### YOUR OBJECTIVE:
Pictures aside, reproduce exactly each line from the one holding "這是9月7日在展覽上拍攝的一款清代服飾。新華社記者 陳鐸 攝" through the last line of the material, both ends included.

### AVAILABLE DATA:
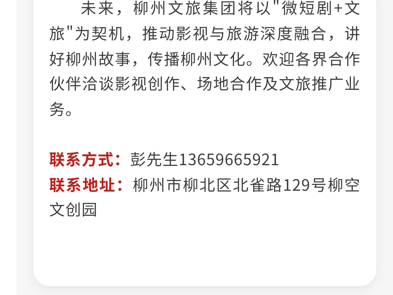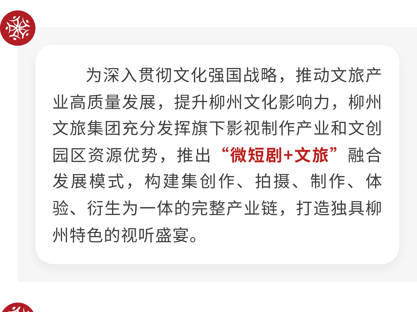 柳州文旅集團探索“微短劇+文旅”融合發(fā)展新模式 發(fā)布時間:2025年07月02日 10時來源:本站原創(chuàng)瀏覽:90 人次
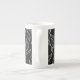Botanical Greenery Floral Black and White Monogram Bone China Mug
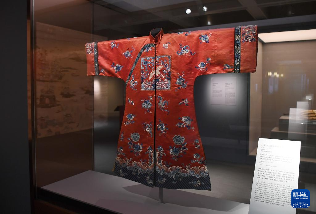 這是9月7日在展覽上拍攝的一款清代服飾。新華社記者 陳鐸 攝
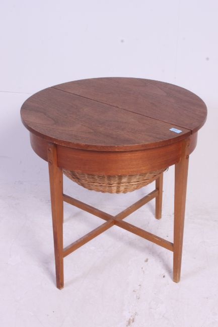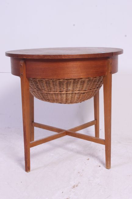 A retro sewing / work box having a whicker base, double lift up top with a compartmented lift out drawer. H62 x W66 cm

### TASK ANSWER:
 這是9月7日在展覽上拍攝的一款清代服飾。新華社記者 陳鐸 攝
 A retro sewing / work box having a whicker base, double lift up top with a compartmented lift out drawer. H62 x W66 cm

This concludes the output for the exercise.